Task to carry out:
Exact copies of the lines below, from the one with "Artikel-Nr.: 5302* schwarz-grau" up to and including the one with "To jsem byla za tůristku v Krkonoších", are what this calls for; leave out pictures.

Material for the task:

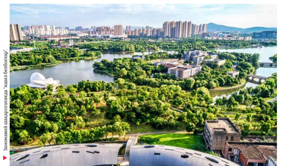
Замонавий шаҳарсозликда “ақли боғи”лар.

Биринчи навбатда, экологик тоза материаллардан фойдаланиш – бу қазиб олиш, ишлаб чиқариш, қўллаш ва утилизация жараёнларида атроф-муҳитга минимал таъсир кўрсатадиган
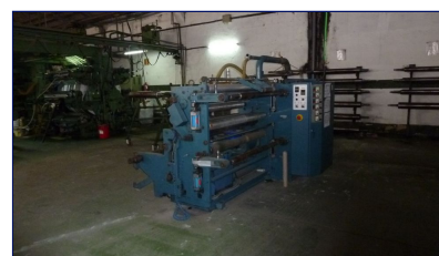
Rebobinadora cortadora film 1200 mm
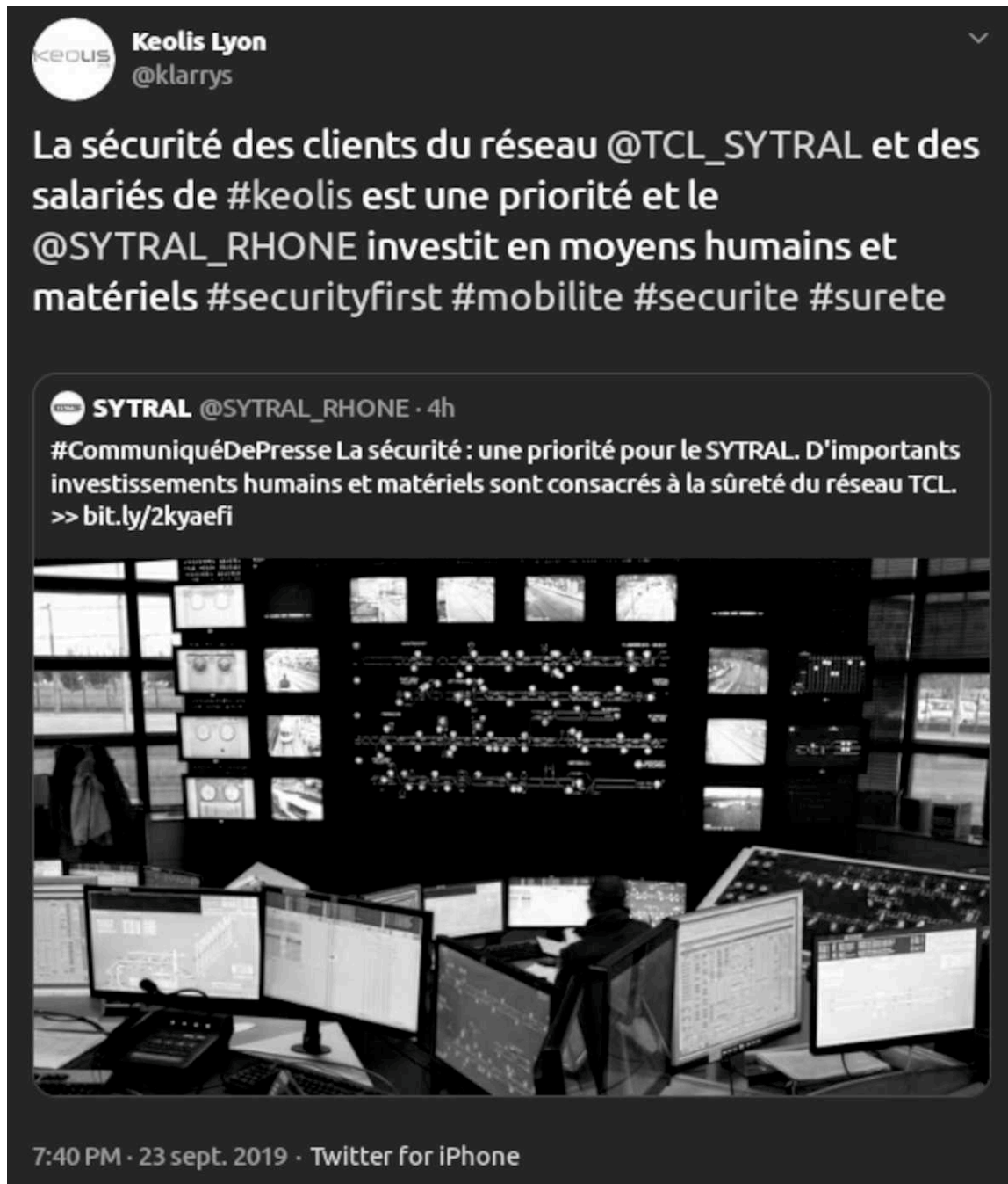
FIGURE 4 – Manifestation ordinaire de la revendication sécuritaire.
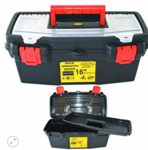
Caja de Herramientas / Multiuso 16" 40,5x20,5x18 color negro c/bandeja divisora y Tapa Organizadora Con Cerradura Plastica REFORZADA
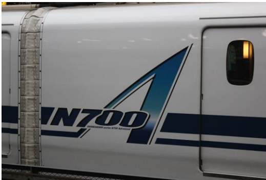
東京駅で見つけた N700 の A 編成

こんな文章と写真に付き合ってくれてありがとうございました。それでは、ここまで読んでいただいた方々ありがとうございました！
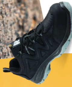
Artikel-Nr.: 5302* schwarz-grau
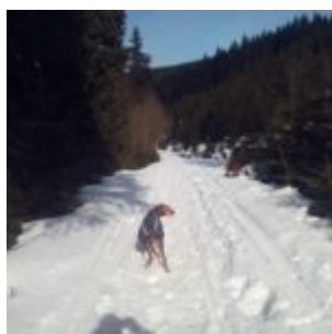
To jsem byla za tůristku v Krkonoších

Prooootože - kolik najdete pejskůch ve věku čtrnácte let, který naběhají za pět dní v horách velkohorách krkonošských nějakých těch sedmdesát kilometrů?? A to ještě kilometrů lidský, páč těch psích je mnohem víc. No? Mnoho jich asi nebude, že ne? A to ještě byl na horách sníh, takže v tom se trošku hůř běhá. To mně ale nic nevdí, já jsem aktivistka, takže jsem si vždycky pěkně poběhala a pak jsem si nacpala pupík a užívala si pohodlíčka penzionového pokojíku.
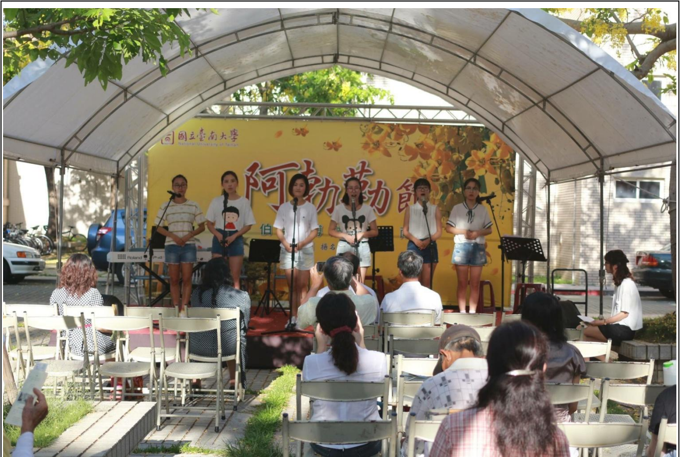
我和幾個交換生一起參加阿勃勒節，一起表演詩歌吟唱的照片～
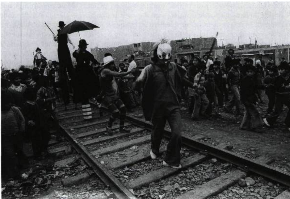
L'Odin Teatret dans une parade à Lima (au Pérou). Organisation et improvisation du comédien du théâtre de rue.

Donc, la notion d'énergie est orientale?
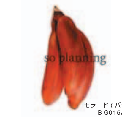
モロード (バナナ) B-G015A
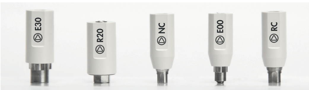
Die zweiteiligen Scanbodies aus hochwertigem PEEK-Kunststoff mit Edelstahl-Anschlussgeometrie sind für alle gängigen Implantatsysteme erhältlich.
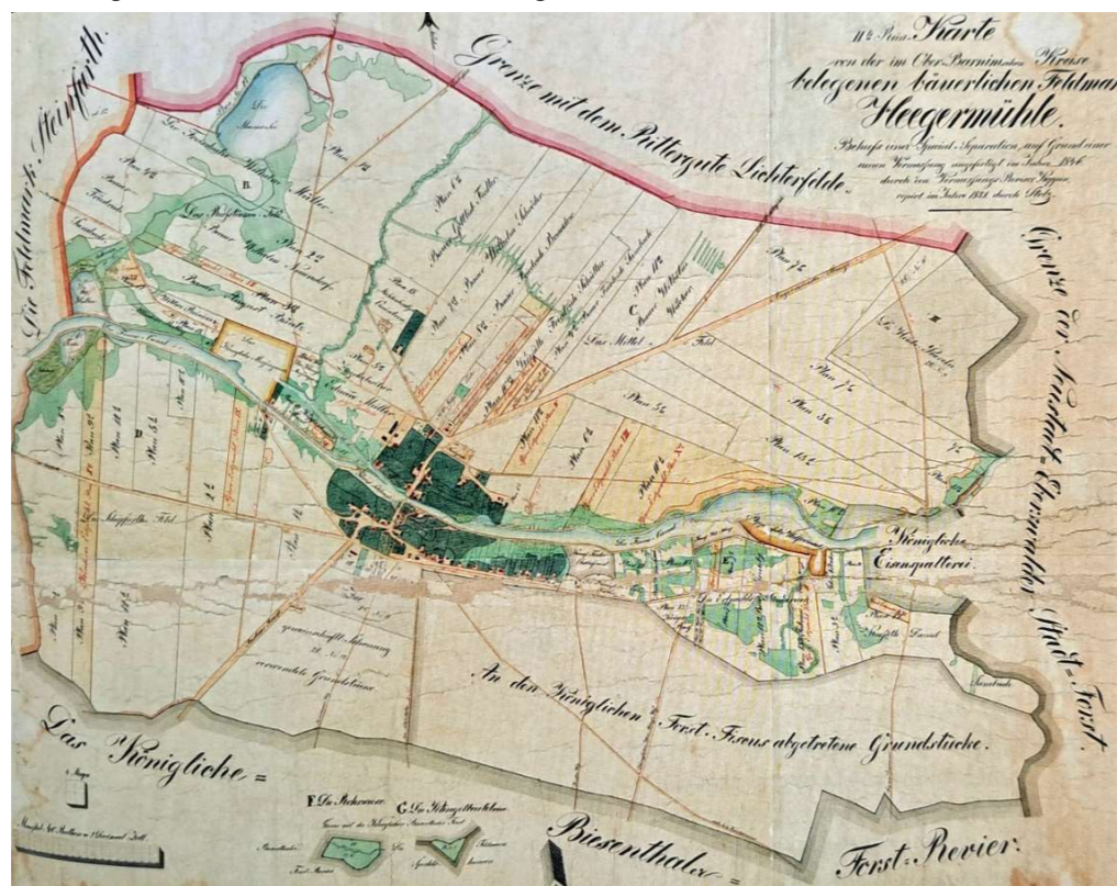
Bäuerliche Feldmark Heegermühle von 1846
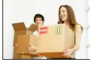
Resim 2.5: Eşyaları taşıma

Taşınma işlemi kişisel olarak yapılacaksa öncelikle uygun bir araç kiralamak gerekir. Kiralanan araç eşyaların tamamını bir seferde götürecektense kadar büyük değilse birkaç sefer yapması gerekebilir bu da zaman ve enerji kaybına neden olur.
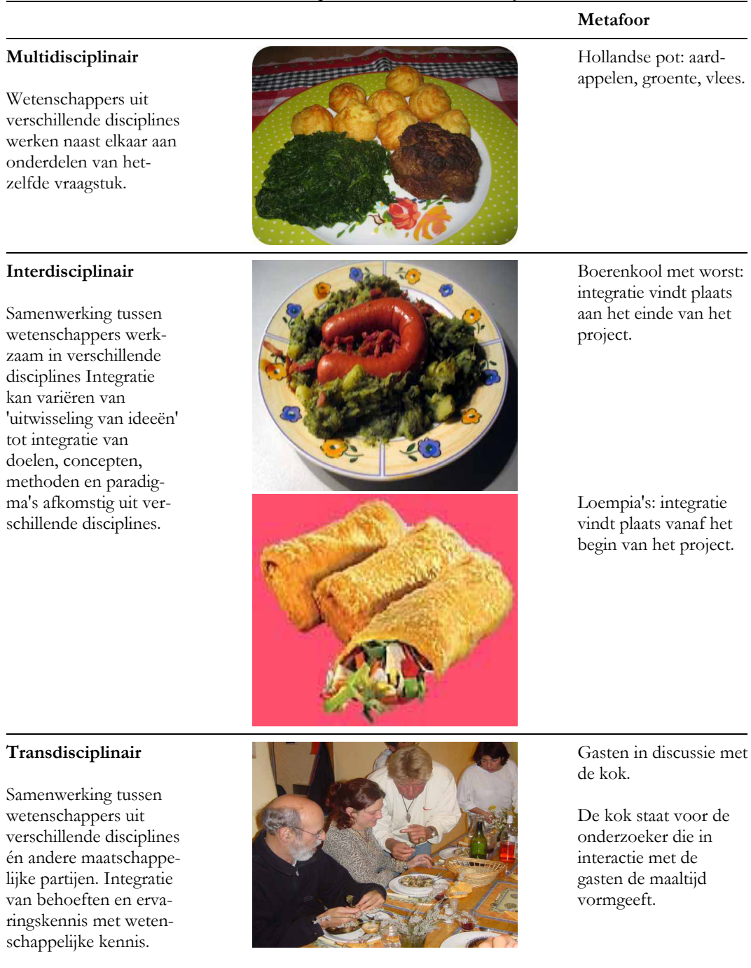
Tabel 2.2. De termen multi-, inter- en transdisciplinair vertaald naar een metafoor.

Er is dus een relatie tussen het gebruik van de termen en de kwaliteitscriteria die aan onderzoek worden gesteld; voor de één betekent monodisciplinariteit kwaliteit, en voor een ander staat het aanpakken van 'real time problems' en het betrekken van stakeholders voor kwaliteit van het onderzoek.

---

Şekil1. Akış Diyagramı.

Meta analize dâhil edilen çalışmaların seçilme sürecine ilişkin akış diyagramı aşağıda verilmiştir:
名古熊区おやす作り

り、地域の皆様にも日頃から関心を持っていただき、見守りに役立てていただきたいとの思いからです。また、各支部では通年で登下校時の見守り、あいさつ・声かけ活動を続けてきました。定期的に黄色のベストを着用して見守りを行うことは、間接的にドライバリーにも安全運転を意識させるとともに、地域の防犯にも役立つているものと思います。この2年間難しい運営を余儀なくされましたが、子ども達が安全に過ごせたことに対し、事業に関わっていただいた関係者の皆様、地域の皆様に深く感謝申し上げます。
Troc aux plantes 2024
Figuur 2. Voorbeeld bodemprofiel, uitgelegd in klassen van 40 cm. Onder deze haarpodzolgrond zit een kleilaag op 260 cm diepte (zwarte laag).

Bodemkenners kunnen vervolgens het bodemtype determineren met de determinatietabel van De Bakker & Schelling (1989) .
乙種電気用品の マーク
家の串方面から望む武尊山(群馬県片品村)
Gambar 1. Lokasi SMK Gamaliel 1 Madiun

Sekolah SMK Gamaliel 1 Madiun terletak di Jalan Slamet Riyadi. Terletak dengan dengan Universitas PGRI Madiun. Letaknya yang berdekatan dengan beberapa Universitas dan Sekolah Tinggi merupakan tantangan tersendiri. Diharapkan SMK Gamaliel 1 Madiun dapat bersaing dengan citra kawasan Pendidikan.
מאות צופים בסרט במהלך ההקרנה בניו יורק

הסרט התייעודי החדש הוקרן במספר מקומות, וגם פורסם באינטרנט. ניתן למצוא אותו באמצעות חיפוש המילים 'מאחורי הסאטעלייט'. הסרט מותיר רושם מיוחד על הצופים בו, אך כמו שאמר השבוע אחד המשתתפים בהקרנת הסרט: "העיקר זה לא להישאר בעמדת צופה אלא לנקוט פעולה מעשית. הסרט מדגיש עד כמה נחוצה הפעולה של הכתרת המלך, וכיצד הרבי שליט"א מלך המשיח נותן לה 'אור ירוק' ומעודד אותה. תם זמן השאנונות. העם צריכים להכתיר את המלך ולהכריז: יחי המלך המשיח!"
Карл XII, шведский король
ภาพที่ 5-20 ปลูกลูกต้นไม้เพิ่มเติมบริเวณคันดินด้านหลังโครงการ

Result of this exercise:
Artikel-Nr.: 5302* schwarz-grau
To jsem byla za tůristku v Krkonoších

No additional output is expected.